***** Information shown *****
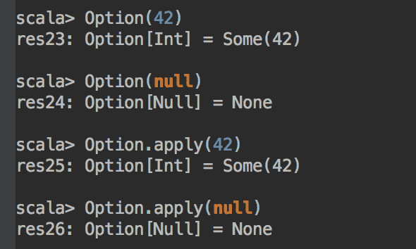 You see this pattern in Scala very often, and there are some useful built-in factories such as Option (which wraps an object as Some(x) unless it’s null, in which case returns None).
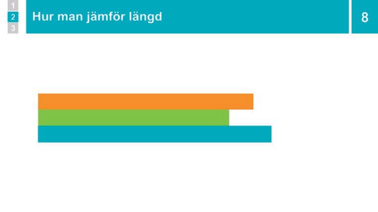 Om du märker att eleverna inte är noggranna i sina jämförelser behöver du hjälpa dem med det. Var tydlig med att när man gör direkta jämförelser så måste föremålen utgå från samma nollpunkt, så att de jämförs kant i kant.
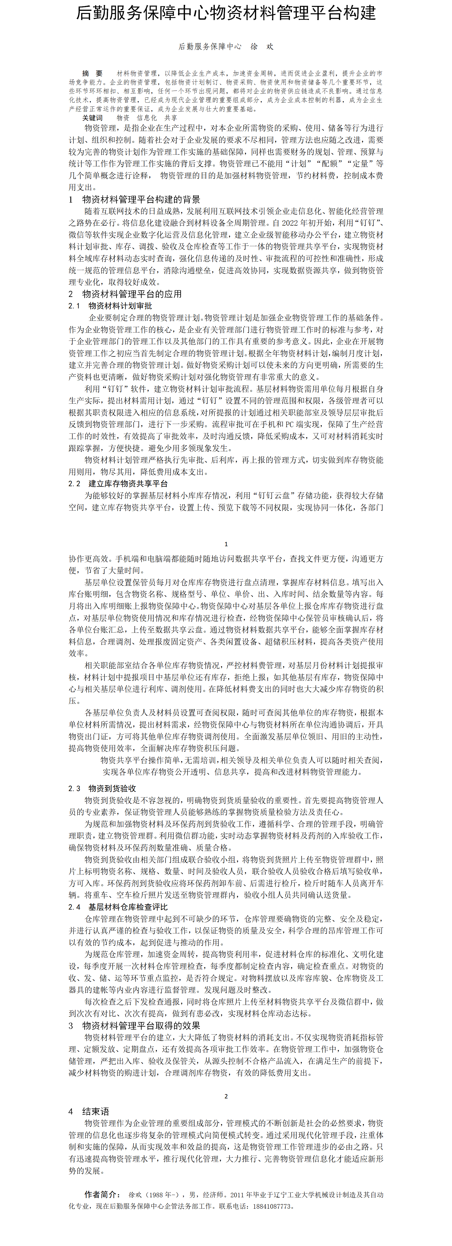 第58屆等級(jí)獎(jiǎng)?wù)撐?--后勤服務(wù)保障中心物資材料管理平臺(tái)構(gòu)建
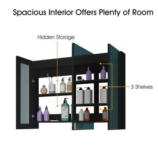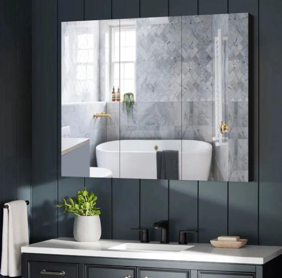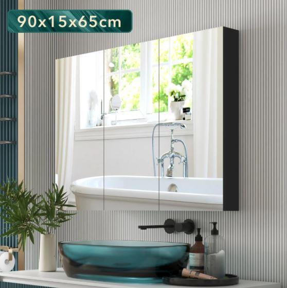 Build a clutter-free bathroom environment with this Bathroom Mirror Cabinet Medicine Shaving Storage Organiser. Featuring three high-definition mirror doors, our bathroom cabinet provides crystal-clear and undistorted reflection, enhancing your grooming or hair styling experience. Thanks to a robust and non-irritating PB structure, the bathroom organiser is safe and durable for years of use. Moreover, organise your toiletries and bathroom essentials neatly on its two large shelves and three small compartments while keeping easy access to your everyday items. Aside from easy setup, our bathroom wall cabinet is hassle-free to clean and maintain. Boasting a simple and fashionable design, it complements any bathroom decor, infusing a touch of elegance into the room.
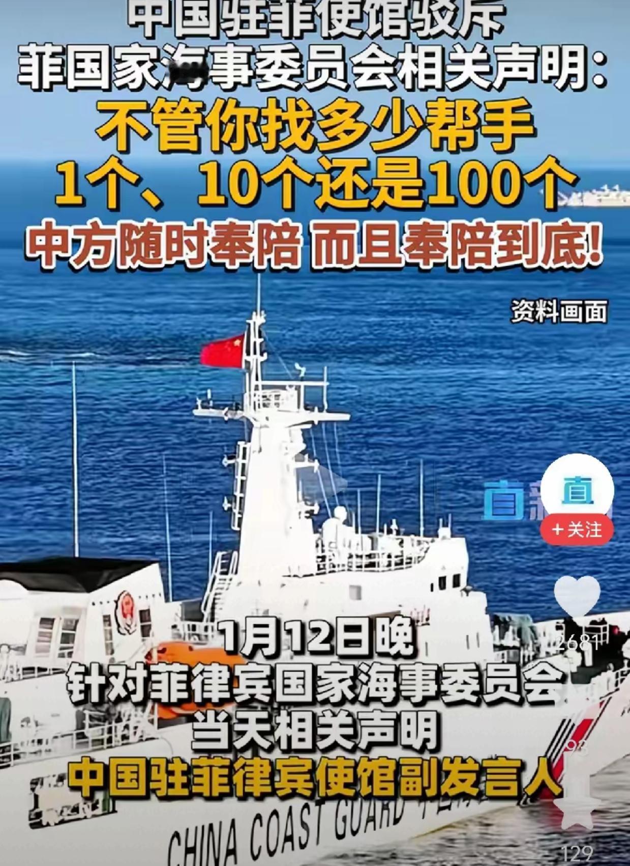 中方说了,随时都能接着奉陪,而且会一直奉陪下去!面对菲律宾一次次的挑衅,咱们已经忍到了头,宽容也给够了,这可能就是给他们的最后警告了。 菲律宾可别再糊涂了,不然到时候可别说咱们以大欺小。自己做错的事,总得付出代价。咱们的好脾气已经用完了,就希望他们能好自为之。 其实谁都不想把事情闹大,可你一再越过底线,那也不能怪别人不客气。真要闹到收不了场,吃亏的还是他们自己。毕竟实力摆在那儿,非要硬碰硬,最后只能是自讨苦吃。还是赶紧回头,别再往前冲了,这才是聪明的做法。菲律宾风波 菲律宾当前局势
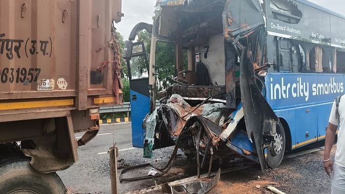 डबर डेकर बस ने ट्रक को मारी टक्कर, चालक की मौत, बस सवार 29 यात्री घायल, चार गंभीर
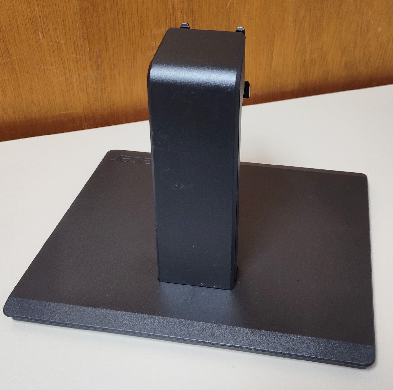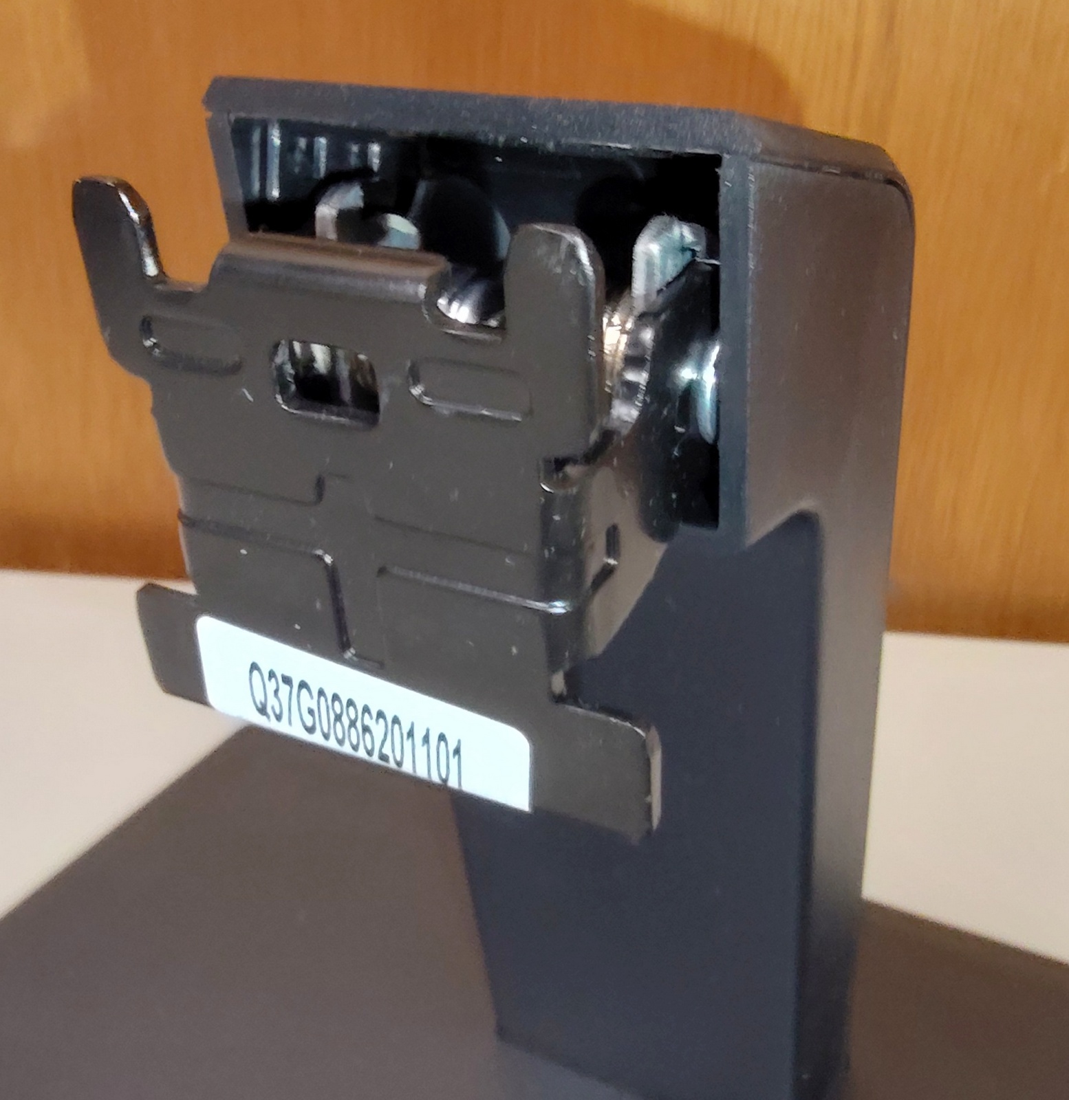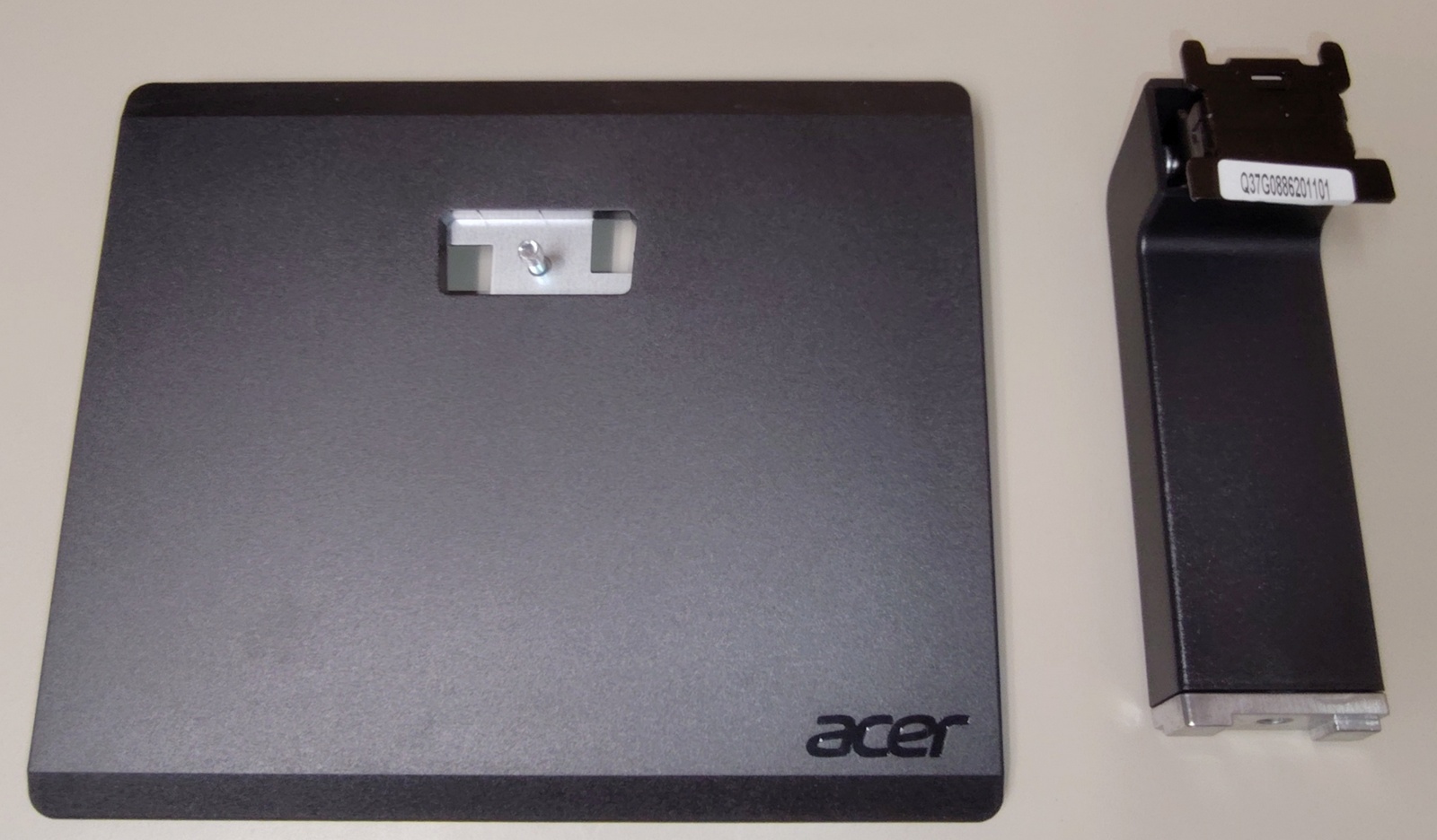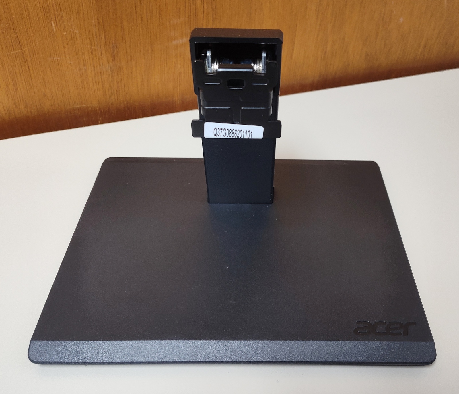 Up for sale is a stand that came with an Acer VW237Q monitor and is in unused condition – the monitor was immediately mounted to a stand for dual screens and this stand was not needed Hope someone out there can use it. It may fit other Acer monitors, but we’re not sure which ones, so please check with Acer for compatibility with your monitor BEFORE you purchase this stand. This stand was left over from an install back in 2020 and has sat on the shelf since – we’re not likely to use it, so we’re offering it on the internet in hopes that someone out there can put it to use. The monitor this came with was manufactured in December 2018, but we did not buy it and put it into service until 2020. The metal bracket just pushes up into the appropriate slot on the monitor. The bracket measures approximately 1 13/16″ wide across the bottom by just under 1 1/4″ tall (measured to the top of the top tabs).
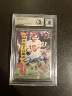 1994 joe montana sportflics autographed chiefs nfl football card beckett auto gem mt 10$300Alpine, NJ
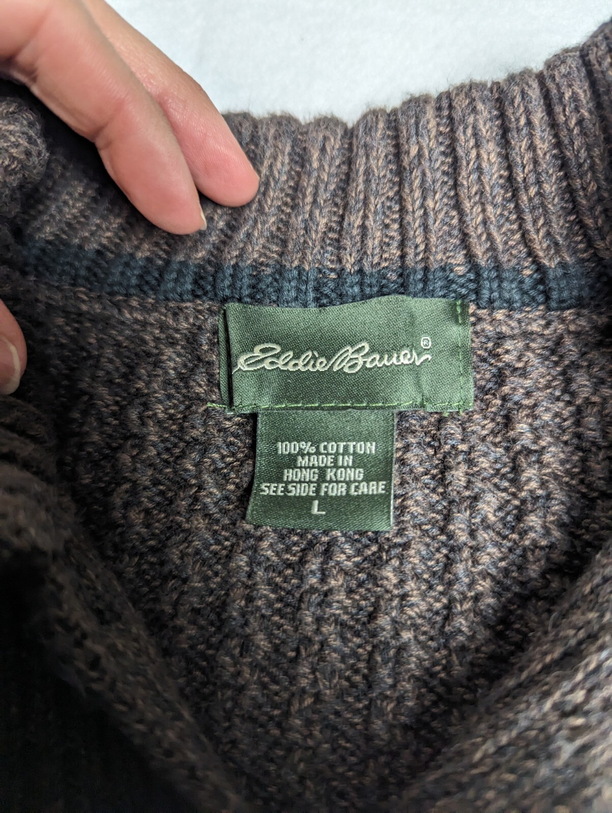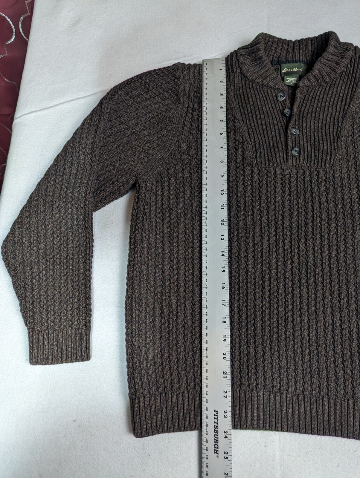 Eddie Bauer Pullover Henley Sweater Men's L Brown Cotton Cable Knit
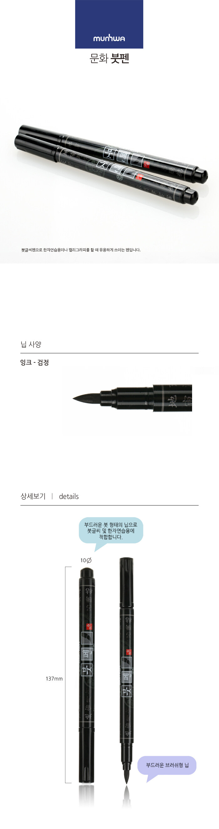 The MUNHWA Brush Pen is the perfect tool for anyone exploring the beauty of Asian calligraphy (Hanja/Kanji) or modern hand-lettering. Its specially engineered soft brush-type nib allows for dynamic line thickness—from delicate hair-thin lines to bold, expressive strokes—depending on the pressure applied. The deep black ink flows consistently without clogging, ensuring a professional finish on every page. Whether you are a student practicing traditional characters or an artist working on creative calligraphy, this pen provides the control and flexibility you need. Proudly made in Korea, it combines traditional artistry with modern convenience.
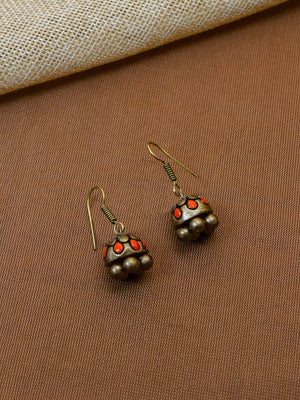 Beautifully Handcrafted Floral Terracotta Jewellery Set in Orange & Antique Bronze with Kundan Stones
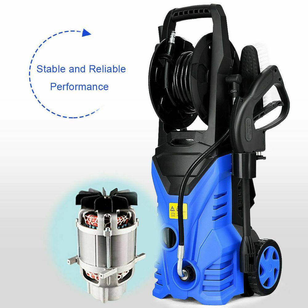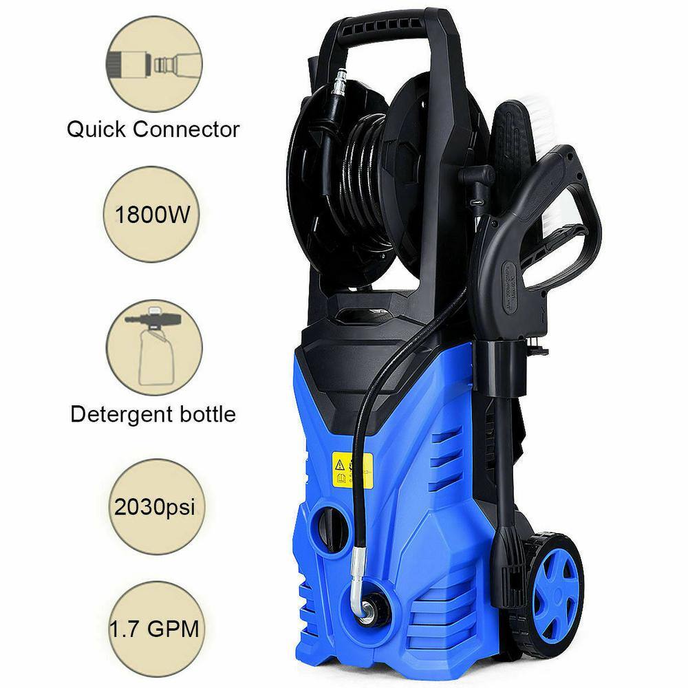 Costway 2030 PSI 1.7 GPM 1800-Watt Electric Pressure Washer Cleaner with Hose Reel in Blue
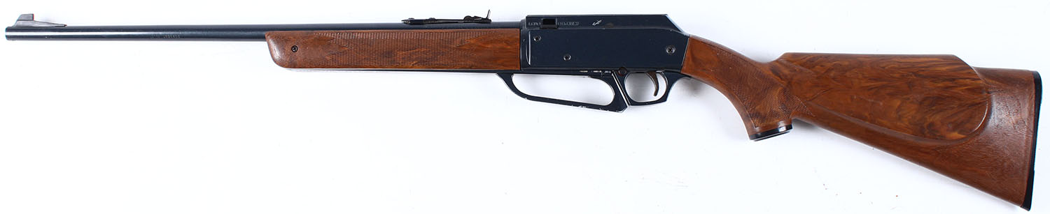 Daisy, Model 880 Powerline, CAL: .177 Pellet or BB, MFG: 1960's SN: NA, Multi-stroke pump pneumatic, 21.5'' Barrel. The cheeked, checkered & capped pistol grip plastic stocks are excellent. The metal blue finish rates excellent. Metal pump lever. Fitted with a factory adjustable rear & blade front sights. Stock carries a plastic buttplate. Appearance is excellent. No FFL Req. - Value: 20 to 50
*****
= Task directions =
Output the data exactly. Leave every picture out.

= Output below =
 You see this pattern in Scala very often, and there are some useful built-in factories such as Option (which wraps an object as Some(x) unless it’s null, in which case returns None).
 Om du märker att eleverna inte är noggranna i sina jämförelser behöver du hjälpa dem med det. Var tydlig med att när man gör direkta jämförelser så måste föremålen utgå från samma nollpunkt, så att de jämförs kant i kant.
 第58屆等級(jí)獎(jiǎng)?wù)撐?--后勤服務(wù)保障中心物資材料管理平臺(tái)構(gòu)建
 Build a clutter-free bathroom environment with this Bathroom Mirror Cabinet Medicine Shaving Storage Organiser. Featuring three high-definition mirror doors, our bathroom cabinet provides crystal-clear and undistorted reflection, enhancing your grooming or hair styling experience. Thanks to a robust and non-irritating PB structure, the bathroom organiser is safe and durable for years of use. Moreover, organise your toiletries and bathroom essentials neatly on its two large shelves and three small compartments while keeping easy access to your everyday items. Aside from easy setup, our bathroom wall cabinet is hassle-free to clean and maintain. Boasting a simple and fashionable design, it complements any bathroom decor, infusing a touch of elegance into the room.
 中方说了,随时都能接着奉陪,而且会一直奉陪下去!面对菲律宾一次次的挑衅,咱们已经忍到了头,宽容也给够了,这可能就是给他们的最后警告了。 菲律宾可别再糊涂了,不然到时候可别说咱们以大欺小。自己做错的事,总得付出代价。咱们的好脾气已经用完了,就希望他们能好自为之。 其实谁都不想把事情闹大,可你一再越过底线,那也不能怪别人不客气。真要闹到收不了场,吃亏的还是他们自己。毕竟实力摆在那儿,非要硬碰硬,最后只能是自讨苦吃。还是赶紧回头,别再往前冲了,这才是聪明的做法。菲律宾风波 菲律宾当前局势
 डबर डेकर बस ने ट्रक को मारी टक्कर, चालक की मौत, बस सवार 29 यात्री घायल, चार गंभीर
 Up for sale is a stand that came with an Acer VW237Q monitor and is in unused condition – the monitor was immediately mounted to a stand for dual screens and this stand was not needed Hope someone out there can use it. It may fit other Acer monitors, but we’re not sure which ones, so please check with Acer for compatibility with your monitor BEFORE you purchase this stand. This stand was left over from an install back in 2020 and has sat on the shelf since – we’re not likely to use it, so we’re offering it on the internet in hopes that someone out there can put it to use. The monitor this came with was manufactured in December 2018, but we did not buy it and put it into service until 2020. The metal bracket just pushes up into the appropriate slot on the monitor. The bracket measures approximately 1 13/16″ wide across the bottom by just under 1 1/4″ tall (measured to the top of the top tabs).
 1994 joe montana sportflics autographed chiefs nfl football card beckett auto gem mt 10$300Alpine, NJ
 Eddie Bauer Pullover Henley Sweater Men's L Brown Cotton Cable Knit
 The MUNHWA Brush Pen is the perfect tool for anyone exploring the beauty of Asian calligraphy (Hanja/Kanji) or modern hand-lettering. Its specially engineered soft brush-type nib allows for dynamic line thickness—from delicate hair-thin lines to bold, expressive strokes—depending on the pressure applied. The deep black ink flows consistently without clogging, ensuring a professional finish on every page. Whether you are a student practicing traditional characters or an artist working on creative calligraphy, this pen provides the control and flexibility you need. Proudly made in Korea, it combines traditional artistry with modern convenience.
 Beautifully Handcrafted Floral Terracotta Jewellery Set in Orange & Antique Bronze with Kundan Stones
 Costway 2030 PSI 1.7 GPM 1800-Watt Electric Pressure Washer Cleaner with Hose Reel in Blue
 Daisy, Model 880 Powerline, CAL: .177 Pellet or BB, MFG: 1960's SN: NA, Multi-stroke pump pneumatic, 21.5'' Barrel. The cheeked, checkered & capped pistol grip plastic stocks are excellent. The metal blue finish rates excellent. Metal pump lever. Fitted with a factory adjustable rear & blade front sights. Stock carries a plastic buttplate. Appearance is excellent. No FFL Req. - Value: 20 to 50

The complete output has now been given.